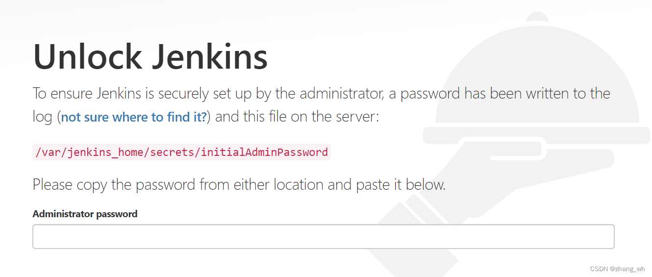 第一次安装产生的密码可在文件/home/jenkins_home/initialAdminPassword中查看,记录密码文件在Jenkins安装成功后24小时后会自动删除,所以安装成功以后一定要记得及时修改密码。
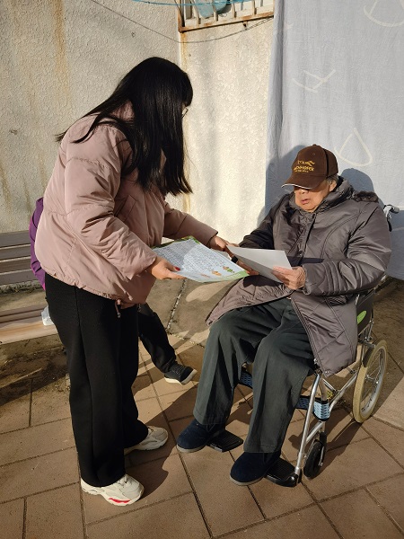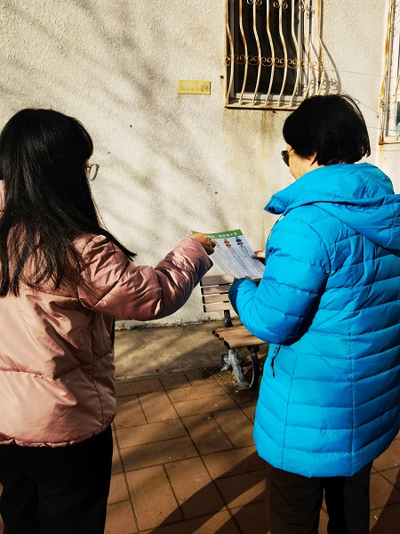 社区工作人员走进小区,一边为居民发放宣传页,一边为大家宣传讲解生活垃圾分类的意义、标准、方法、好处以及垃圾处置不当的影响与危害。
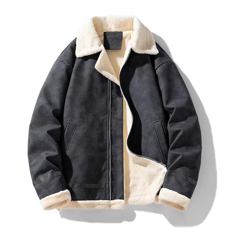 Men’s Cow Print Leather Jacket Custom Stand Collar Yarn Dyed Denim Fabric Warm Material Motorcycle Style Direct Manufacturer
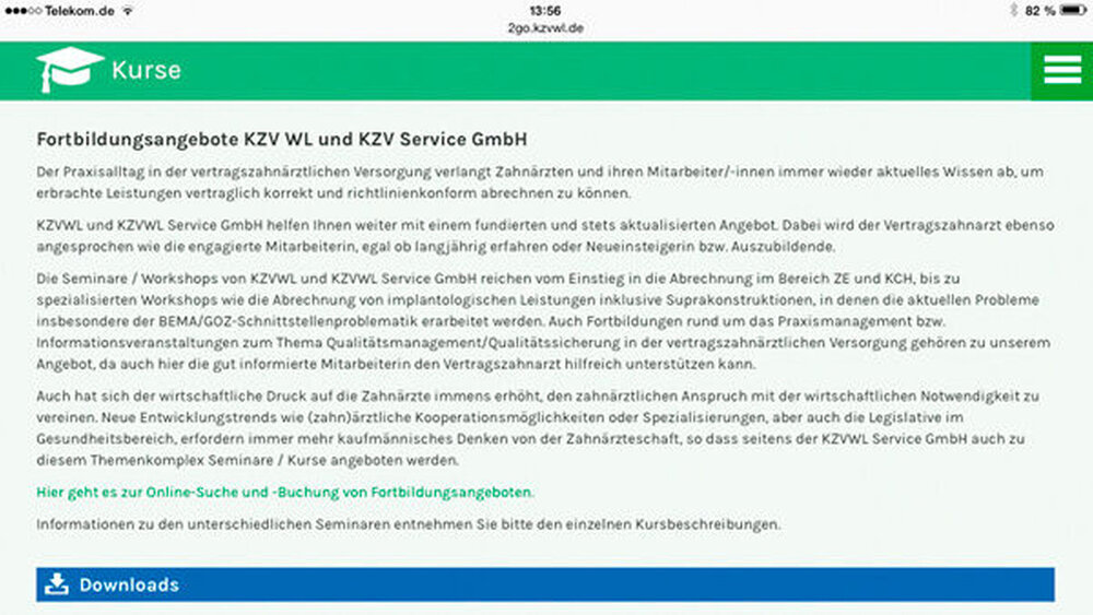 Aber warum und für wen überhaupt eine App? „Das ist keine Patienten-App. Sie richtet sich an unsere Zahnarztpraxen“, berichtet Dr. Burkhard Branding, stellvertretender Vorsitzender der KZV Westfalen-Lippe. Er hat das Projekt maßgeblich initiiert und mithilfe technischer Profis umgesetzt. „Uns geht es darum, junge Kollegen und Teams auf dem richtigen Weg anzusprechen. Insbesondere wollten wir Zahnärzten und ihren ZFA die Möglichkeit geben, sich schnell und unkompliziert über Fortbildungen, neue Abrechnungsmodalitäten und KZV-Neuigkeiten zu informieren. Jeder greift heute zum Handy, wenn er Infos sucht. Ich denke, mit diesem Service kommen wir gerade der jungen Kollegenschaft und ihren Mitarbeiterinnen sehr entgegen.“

===============

[About this exercise]:
Skip every picture, and give the rest of the material above again exactly.

[Answer section]:
 第一次安装产生的密码可在文件/home/jenkins_home/initialAdminPassword中查看,记录密码文件在Jenkins安装成功后24小时后会自动删除,所以安装成功以后一定要记得及时修改密码。
 社区工作人员走进小区,一边为居民发放宣传页,一边为大家宣传讲解生活垃圾分类的意义、标准、方法、好处以及垃圾处置不当的影响与危害。
 Men’s Cow Print Leather Jacket Custom Stand Collar Yarn Dyed Denim Fabric Warm Material Motorcycle Style Direct Manufacturer
 Aber warum und für wen überhaupt eine App? „Das ist keine Patienten-App. Sie richtet sich an unsere Zahnarztpraxen“, berichtet Dr. Burkhard Branding, stellvertretender Vorsitzender der KZV Westfalen-Lippe. Er hat das Projekt maßgeblich initiiert und mithilfe technischer Profis umgesetzt. „Uns geht es darum, junge Kollegen und Teams auf dem richtigen Weg anzusprechen. Insbesondere wollten wir Zahnärzten und ihren ZFA die Möglichkeit geben, sich schnell und unkompliziert über Fortbildungen, neue Abrechnungsmodalitäten und KZV-Neuigkeiten zu informieren. Jeder greift heute zum Handy, wenn er Infos sucht. Ich denke, mit diesem Service kommen wir gerade der jungen Kollegenschaft und ihren Mitarbeiterinnen sehr entgegen.“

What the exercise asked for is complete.